LENZ Therapeutics has unveiled positive topline data from its INSIGHT study achieved by 2 formulations to treat presbyopia.
LENZ Therapeutics today reported positive topline results from its Phase 2 INSIGHT clinical trial of two investigational formulations of aceclidine to treat presbyopia.
According to the company, LNZ100 (aceclidine) and LNZ101 (aceclidine + brimonidine), achieved the primary and secondary endpoints.
The topline data results included the following:
• A 3-line or greater improvement was seen in the near visual acuity (VA), without a loss of 1 line (5 letters) of distance VA at 1 hour after instillation, in 71% and 56% of treated patients, respectively (p<0.0001, for both comparison).
• Both the LNZ100 and LNZ101 formulations maintained the 3-line (15 letters) or greater improvement significance compared to the vehicle for all timepoints including the last measurement performed at 10 hours after instillation in 37% and 48% of treated patients, respectively (p<0.0012 and p<0.0002, respectively).
The key secondary endpoint of a 2-line (10 letters) or greater improvement in near VA without loss of 1 line (5 letters) or more of distance vision showed responder rates of 86% and 78%, respectively, 1 hour after treatment, and 55% and 58% at 10 hours after treatment.
• Both formulations maintained an average pupil size of 1.5 to 2 mm for 10 hours, the company reported today.
The 2 investigational formulations of aceclidine evaluated to treat presbyopia, LNZ100 (aceclidine) and LNZ101 (aceclidine + brimonidine), achieved the primary study endpoint without a loss of distance VA 1 hour after instillation in 71% and 56% of treated subjects respectively, compared to 6% of subjects treated with the vehicle, the company reported in a press release.
The maintenance of the average pupil size of 1.5 to 2 mm for 10 hours is a biomarker of the formulations’ efficacy. Both formulations demonstrated rapid onset of action with 73% and 62% of treated patients achieving a 3-line or greater improvement within 30 minutes for LNZ100 and LNZ101 respectively, compared to 8% for vehicle.
Feedback from the patients treated with the active formulations indicated that both were well-tolerated and there were no serious drug-related adverse events.
Based on these positive outcomes, the company plans to start phase 3 pivotal trials shortly.
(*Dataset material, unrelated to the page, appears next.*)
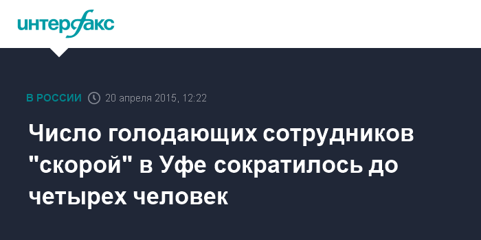 Москва. 20 апреля. INTERFAX.RU - Еще четыре сотрудника станции скорой медицинской помощи (ССМП) Уфы прекратили голодовку протеста, сообщила в понедельник "Интерфаксу" участница акции Ирина Тишина.

“We know that the majority of presbyopia patients are looking for a product that is highly effective in improving near vision for their full workday. Our best-in-class results clearly reflect this ideal profile, with 10-hour efficacy, and further extends our potential for category leadership,” according to Eef Schimmelpennink, President and CEO of LENZ. “I look forward to our upcoming pivotal trials.”
INSIGHT Phase 2 Trial
The INSIGHT trial (NCT05294328) was a multicenter, double-masked, randomized, crossover, active and vehicle-controlled, safety and efficacy study with a study population that ranged in age from 46 to 73 years and a range of refractive errors from -3.25 diopters (D) of spherical equivalent (SE) to +1.5 D SE.
The trial enrolled 67 subjects, including some who had undergone a previous vision correction or who were pseudophakic.